War memorials are often interpreted in different ways. They can be seen as patriotic or as
glorifying war but this is not how monuments such as the Menin Gate were seen in the
inter-war period. The memorials that were built in Flanders and on the Somme were
primarily places designed to ‘heal wounds and soften the pain’ of those who had lost
people they loved. The purpose of the memorial was to commemorate those soldiers
who had died in the war. The Menin Gate was designed as a monument of
remembrance. It was not designed to glorify war, nor was it intended as a monument to
victory.
THE LAST POST CEREMONY
Every night at precisely 8.00pm all traffic under the Menin Gate Memorial is stopped, to
allow the buglers of the Last Post Association to sound their simple but moving salute to
those who fought and died here so many years ago.

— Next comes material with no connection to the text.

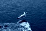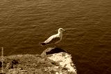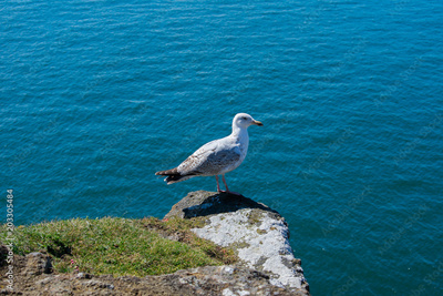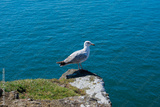 white and gray seagull bird standing on cliff above ocean water close up

The order of service for the ceremony is as follows:
 In the lead up to the ceremony members of the public take their places under the
Menin Gate, leaving the roadway and the entrances to the staircases free. The police
then stop the traffic. This is seen as an important moment, as ‘the modern world pauses
for a few seconds, to think of those who died’.
 The local buglers play the ‘Call to Attention’ followed by the ‘Last Post.’ The Last Post
was a bugle or trumpet call played in the British Army to mark the end of the day and
to call the troops back to their quarters. In military funerals it was played as a final
farewell to the fallen. It is used in this context as part of the Last Post Ceremony.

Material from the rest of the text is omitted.